A 2 node cluster running active/passive with SQL 2000 on Windows Server 2003 enterprise is encountering a problem with a fileshare not staying on line since one node had been patched.
Reluctant to patch other node due to problem with fileshare.
Events of interest are,
Event Type: Error
Event Source: Srv
Event Category: None
Event ID: 2011
Date: 11/02/2007
Time: 21:14:53
User: N/A
Computer: SERVER1
Description:
The server's configuration parameter "irpstacksize" is too small for the server to use a local device.
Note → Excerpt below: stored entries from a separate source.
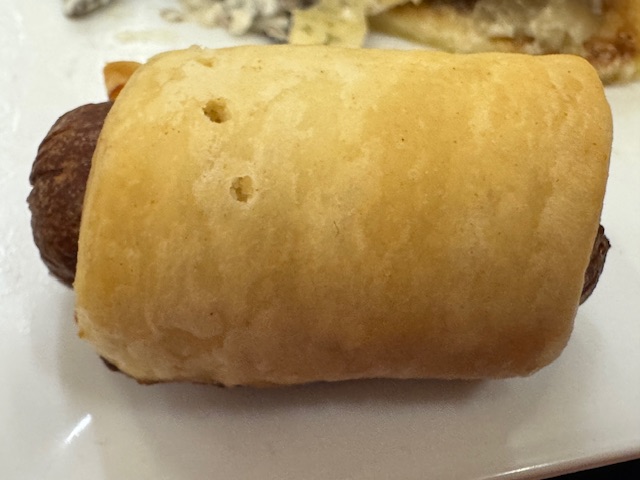 Mais en haut de la photo, il y a un petit truc d’américain que vous ne reconnaissez certainement pas, à moins que vous n’étiez passé du temps aux États-Unis. C’est une amuse-bouche dite « pig in a blanket » (cochon sous sa couverture). J’ai pris deux photos de proche pour vous amuser :
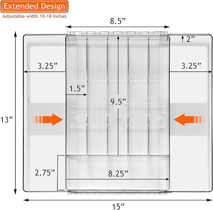 - User-Friendly: Easy to customize to your space! Simply slide both expandable sides to your desired width to fit your drawer and utilize all of its space.
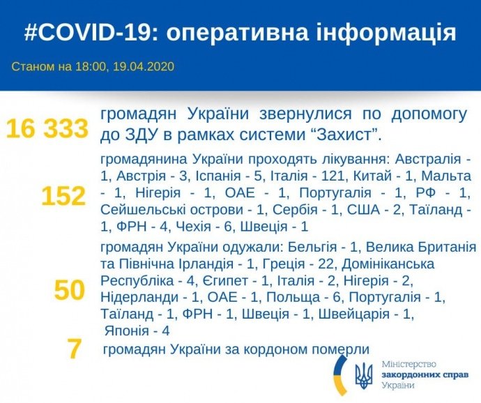 Станом на 18 годину 19 квітня за кордоном від коронавірусу вилікувалися 50 громадян України, померли – 7.
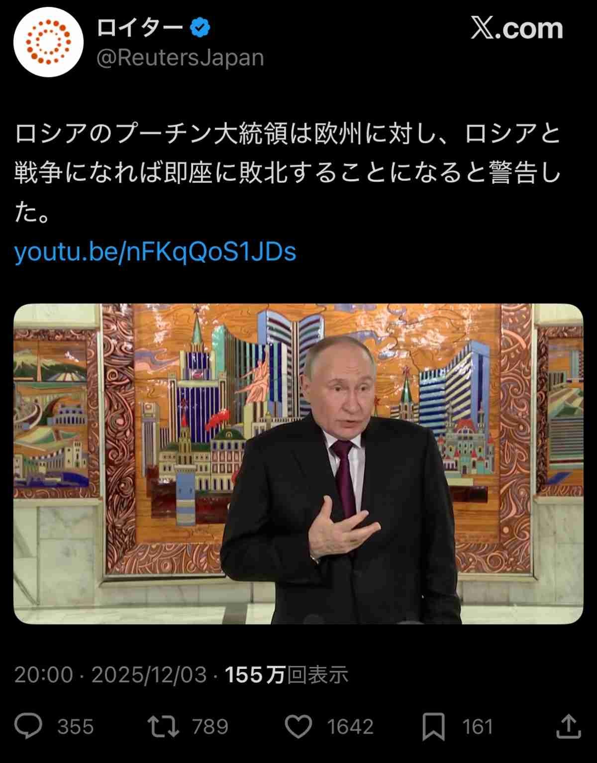 プーチン大統領「ロシアと欧州が戦争になれば、即座に敗北する」と警告
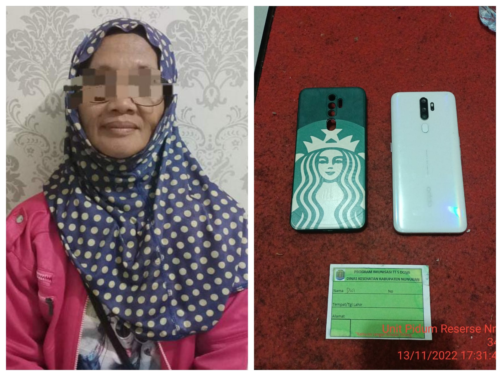 “Menindak lanjuti laporan HA, diadakan penyelidikan dan propeling terhadap dugaan pelaku, pelaku diamankan di Jl lingkar RT 17 Kel. Nunukan Timur pada saat pelaku baru pulang dari Sungai Nyamuk Pulau Sebatik, dan ditemukan HP OPPO A5, silikon dan kartu imunisasi milik HA” tambah Iptu Siswati.
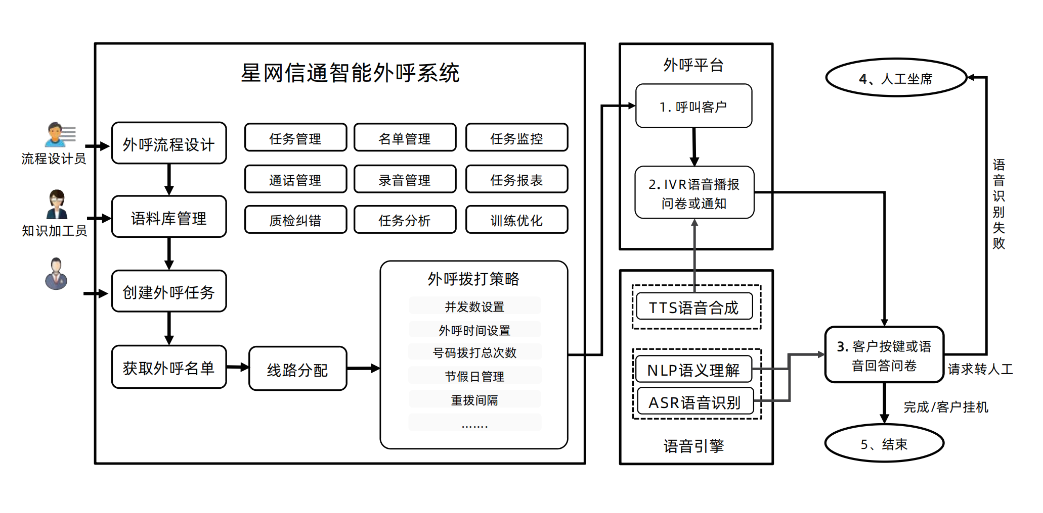 more星網信通智能外呼系統廣泛應用與行業標準化外呼、營銷、通知等業務場景。該系統利用語音識別、語音 合成、自然語言理解等人工智能技術,結合多樣化的外呼場景,實現擬人化的外呼智能語音交互,構建的 一個“話術標準、應答智能、語音真實、情緒穩定、永不疲倦、成本低廉”的客戶外呼系統,大大節約人 力成本。
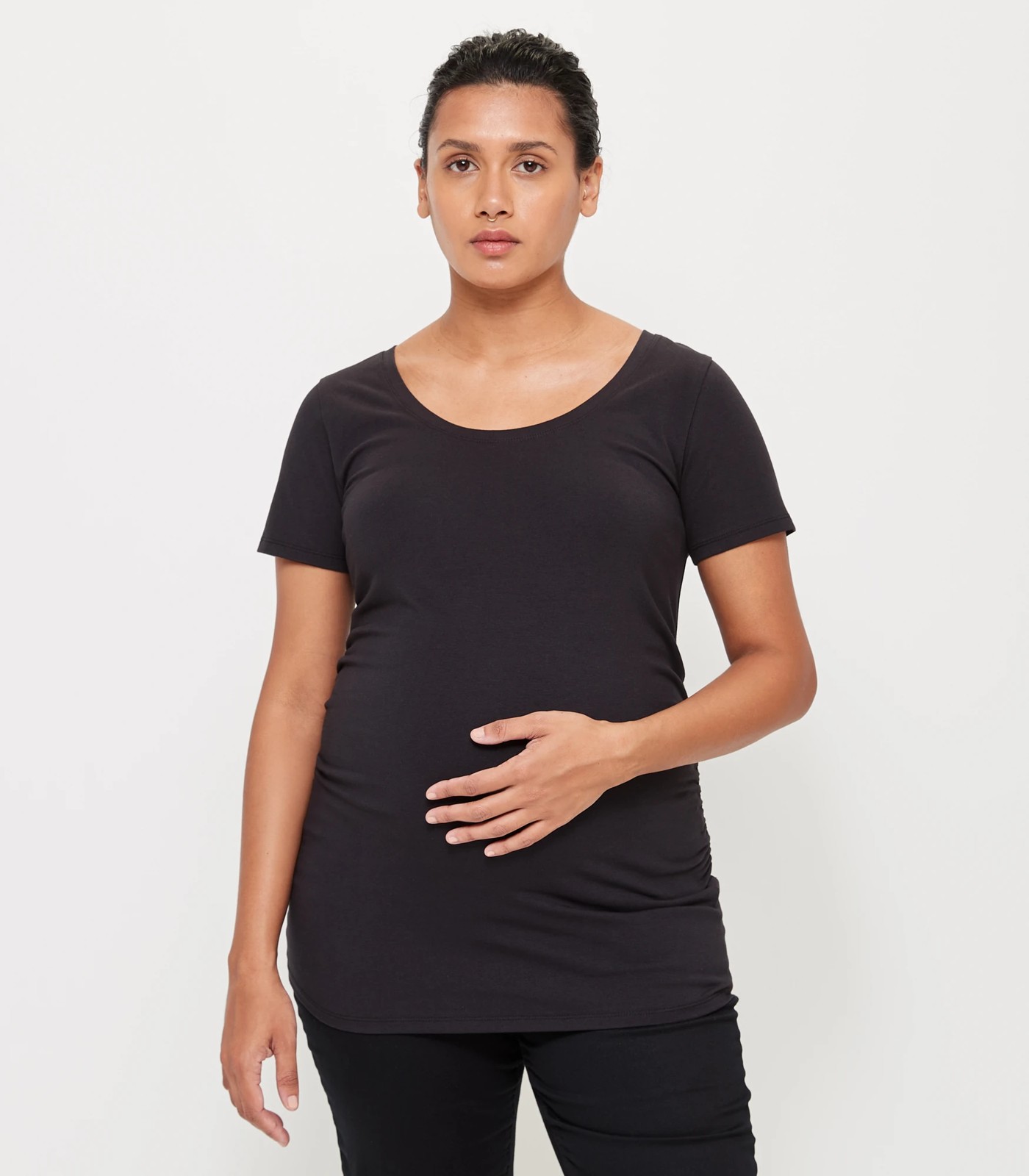 Perfect for everyday wear, the Maternity organic cotton tee matches back to all of your favourite bottoms and allows the freedom and comfort you want as you are growing. It features a breathable organic cotton fabrication, stretch for your growing belly and is perfect for nursing.

Please increase the value of this parameter.
and,
Event Type: Error
Event Source: ClusSvc
Event Category: File Share Resource
Event ID: 1055
Date: 11/02/2007
Time: 21:14:53
User: N/A
Computer: SERVER1
Description:
Cluster File Share resource 'Share1' has failed a status check. The error code is 1130.
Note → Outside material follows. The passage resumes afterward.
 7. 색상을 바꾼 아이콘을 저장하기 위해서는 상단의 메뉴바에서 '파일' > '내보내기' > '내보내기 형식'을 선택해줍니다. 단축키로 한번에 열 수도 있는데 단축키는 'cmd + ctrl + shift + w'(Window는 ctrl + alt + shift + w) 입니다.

Used information in Microsoft article,
http://support.microsoft.com/kb/285089
(increasing irpstacksize), this did not help.
It seems that the share is not coming online on NODE 1 and is failing with error 1130. clussvc is trying to restart it three times and failing to come online successfully, it initiates the failback operation.
Initiated Failback of SQL group back to the Node 2 as share is configured to "AFFECT GROUP"
==================================================================================================================================
000006ec.000009a8::{2007/03/18 20:15:55.579} WARN [FM] Group failure for group . Create thread to take offline and move.
000006ec.000009a8::{2007/03/18 20:15:55.579} INFO [FM] FmpHandleGroupFailure, Exit: Group failure for {SQL Group, type = Group}...
=================================================================================================================
Suggestions:
+++ Shutdown both the nodes and power on Node 1 only, and check if all resources including "Thesis File Share" is coming online successfully.
+++ And if it comes online successfully, then make the following changes in registry on both the nodes.
HKEY_LOCAL_MACHINE\SYSTEM\CurrentControlSet\Services\lanmanserver\parameters\MaxFreeConnections (REG_DWORD Decimal 2000)
HKEY_LOCAL_MACHINE\SYSTEM\CurrentControlSet\Services\lanmanserver\parameters\MinFreeConnections (REG_DWORD Decimal 200)
HKEY_LOCAL_MACHINE\SYSTEM\CurrentControlSet\Services\lanmanserver\parameters\MaxWorkItems (REG_DWORD Decimal 12000
HKEY_LOCAL_MACHINE\SYSTEM\CurrentControlSet\Services\lanmanserver\parameters\IRPStackSize (REG_DWORD Decimal 30)
This fixed the issue.
THE INFORMATION IN THIS DOCUMENT IS PROVIDED ON AN AS-IS BASIS WITHOUT WARRANTY OF ANY KIND. PROVIDER SPECIFICALLY DISCLAIMS ANY OTHER WARRANTY, EXPRESS OR IMPLIED, INCLUDING ANY WARRANTY OF MERCHANTABILITY OR FITNESS FOR A PARTICULAR PURPOSE. IN NO EVENT SHALL PROVIDER BE LIABLE FOR ANY CONSEQUENTIAL, INDIRECT, SPECIAL OR INCIDENTAL DAMAGES, EVEN IF PROVIDER HAS BEEN ADVISED BY USER OF THE POSSIBILITY OF SUCH POTENTIAL LOSS OR DAMAGE. USER AGREES TO HOLD PROVIDER HARMLESS FROM AND AGAINST ANY AND ALL CLAIMS, LOSSES, LIABILITIES AND EXPENSES.